- _EXERCISE DIRECTIONS_
Up to and including the line holding "The shopping mall", write out the data exactly from its first line, but not the pictures.

- _THE DATA_
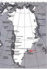 Grönland! Die größte Insel der Welt erstreckt sich über 3000 Kilometer von Norden nach Süden und über 1500 Kilometer von Osten nach Westen. Der größte Teil davon ist tatsächlich mit Eis und Schnee bedeckt, lediglich die Küstenregionen, besonders im Süden und Westen, sind wenige Wochen im Sommer grün. Diese Tatsache nutzte der Wikinger Erik der Rote werbewirksam, als er die Insel Grünland taufte, um von Island her Siedler anzulocken.
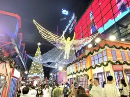 The shopping mall is already full of Christmas atmosphere. There are many Christmas decorations both indoors and outdoors. A Christmas town has been added outdoors with many shops and food. There are live band performances in the evening. The Christmas atmosphere is strong. Everyone can go shopping when you have time.
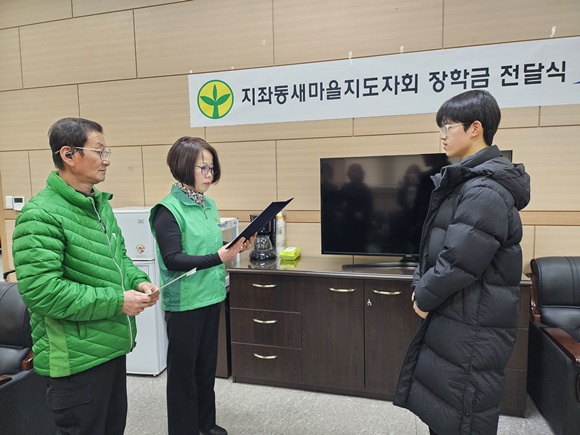 김천시 지좌동 새마을지도자회(협의회장 박주태, 부녀회장 황경숙)는 30일 지좌동 행정복지센터에서 관내 청소년들의 건전한 성장과 학업 장려를 위한 장학금 전달식을 개최했다.

- _YOUR RESPONSE_
 Grönland! Die größte Insel der Welt erstreckt sich über 3000 Kilometer von Norden nach Süden und über 1500 Kilometer von Osten nach Westen. Der größte Teil davon ist tatsächlich mit Eis und Schnee bedeckt, lediglich die Küstenregionen, besonders im Süden und Westen, sind wenige Wochen im Sommer grün. Diese Tatsache nutzte der Wikinger Erik der Rote werbewirksam, als er die Insel Grünland taufte, um von Island her Siedler anzulocken.
 The shopping mall is already full of Christmas atmosphere. There are many Christmas decorations both indoors and outdoors. A Christmas town has been added outdoors with many shops and food. There are live band performances in the evening. The Christmas atmosphere is strong. Everyone can go shopping when you have time.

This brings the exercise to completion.